Information |
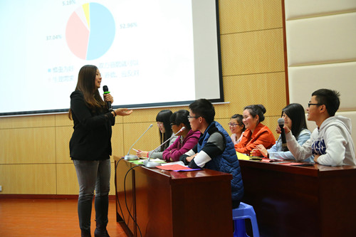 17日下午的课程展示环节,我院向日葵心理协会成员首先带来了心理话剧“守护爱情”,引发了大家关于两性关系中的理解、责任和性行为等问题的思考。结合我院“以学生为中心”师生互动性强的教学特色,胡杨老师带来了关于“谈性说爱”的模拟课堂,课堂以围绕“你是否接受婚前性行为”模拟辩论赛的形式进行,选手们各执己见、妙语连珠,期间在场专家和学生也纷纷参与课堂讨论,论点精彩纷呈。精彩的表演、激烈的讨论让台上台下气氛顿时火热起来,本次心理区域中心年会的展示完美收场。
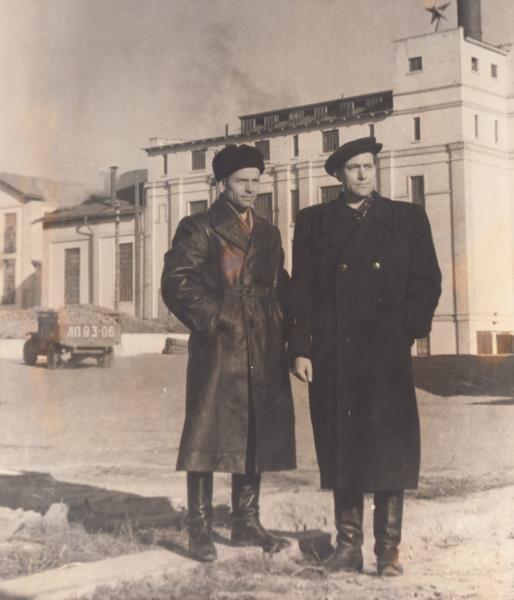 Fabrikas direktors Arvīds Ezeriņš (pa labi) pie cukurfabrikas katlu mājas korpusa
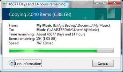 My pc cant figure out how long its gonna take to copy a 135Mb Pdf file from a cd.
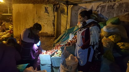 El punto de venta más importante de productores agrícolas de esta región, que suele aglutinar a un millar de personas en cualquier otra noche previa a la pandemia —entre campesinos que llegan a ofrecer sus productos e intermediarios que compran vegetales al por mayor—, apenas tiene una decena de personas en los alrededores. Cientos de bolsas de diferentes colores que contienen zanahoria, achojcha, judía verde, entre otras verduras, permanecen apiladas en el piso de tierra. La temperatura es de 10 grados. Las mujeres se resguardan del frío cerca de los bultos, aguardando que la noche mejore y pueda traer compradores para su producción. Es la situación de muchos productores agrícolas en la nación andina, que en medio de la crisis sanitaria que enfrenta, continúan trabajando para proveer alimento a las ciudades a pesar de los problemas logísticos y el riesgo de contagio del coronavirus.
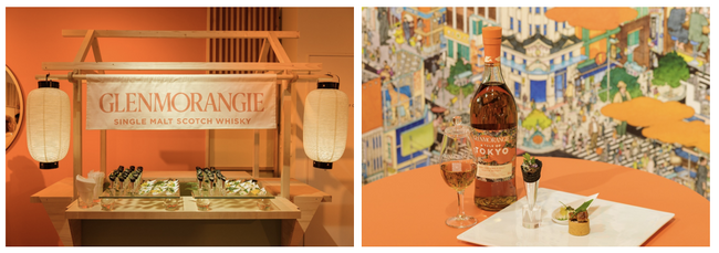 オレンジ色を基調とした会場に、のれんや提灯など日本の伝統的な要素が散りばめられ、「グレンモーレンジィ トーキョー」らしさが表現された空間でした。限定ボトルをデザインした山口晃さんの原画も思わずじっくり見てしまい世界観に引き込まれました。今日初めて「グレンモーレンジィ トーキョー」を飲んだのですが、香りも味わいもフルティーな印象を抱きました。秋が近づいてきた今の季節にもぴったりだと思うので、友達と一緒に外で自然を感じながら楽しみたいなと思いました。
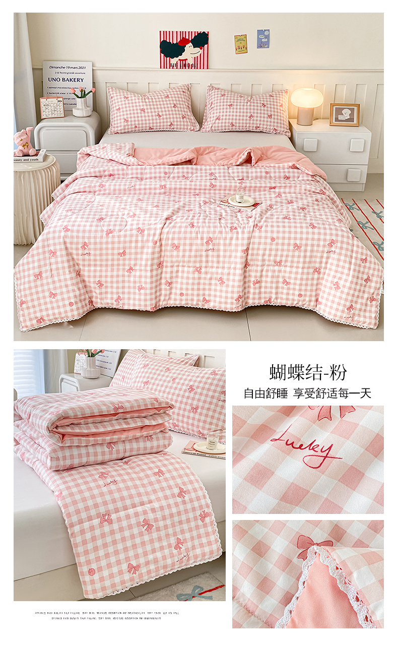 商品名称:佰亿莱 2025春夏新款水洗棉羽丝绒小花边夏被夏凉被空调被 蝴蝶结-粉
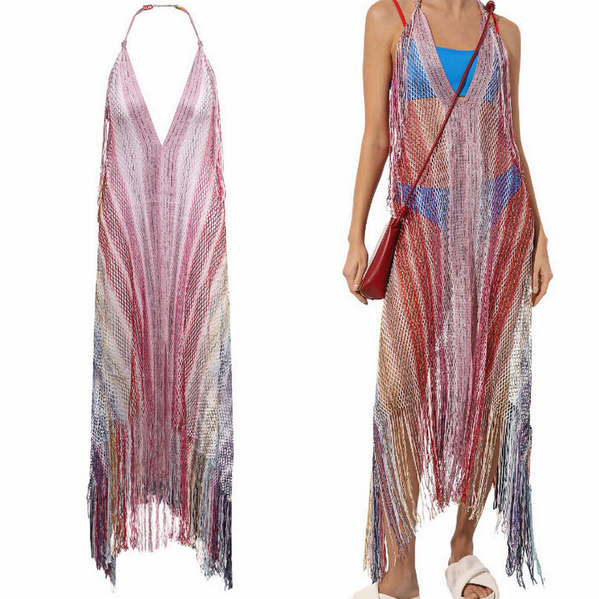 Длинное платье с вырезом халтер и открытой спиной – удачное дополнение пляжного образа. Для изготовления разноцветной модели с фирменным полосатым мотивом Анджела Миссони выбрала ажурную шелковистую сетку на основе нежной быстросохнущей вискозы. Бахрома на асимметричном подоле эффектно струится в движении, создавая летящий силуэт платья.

Exercise directions |
Please print, exactly as given, the lines running from the beginning of the listing through the line containing "Fabrikas direktors Arvīds", omitting each picture.

Your solution |
 17日下午的课程展示环节,我院向日葵心理协会成员首先带来了心理话剧“守护爱情”,引发了大家关于两性关系中的理解、责任和性行为等问题的思考。结合我院“以学生为中心”师生互动性强的教学特色,胡杨老师带来了关于“谈性说爱”的模拟课堂,课堂以围绕“你是否接受婚前性行为”模拟辩论赛的形式进行,选手们各执己见、妙语连珠,期间在场专家和学生也纷纷参与课堂讨论,论点精彩纷呈。精彩的表演、激烈的讨论让台上台下气氛顿时火热起来,本次心理区域中心年会的展示完美收场。
 Fabrikas direktors Arvīds Ezeriņš (pa labi) pie cukurfabrikas katlu mājas korpusa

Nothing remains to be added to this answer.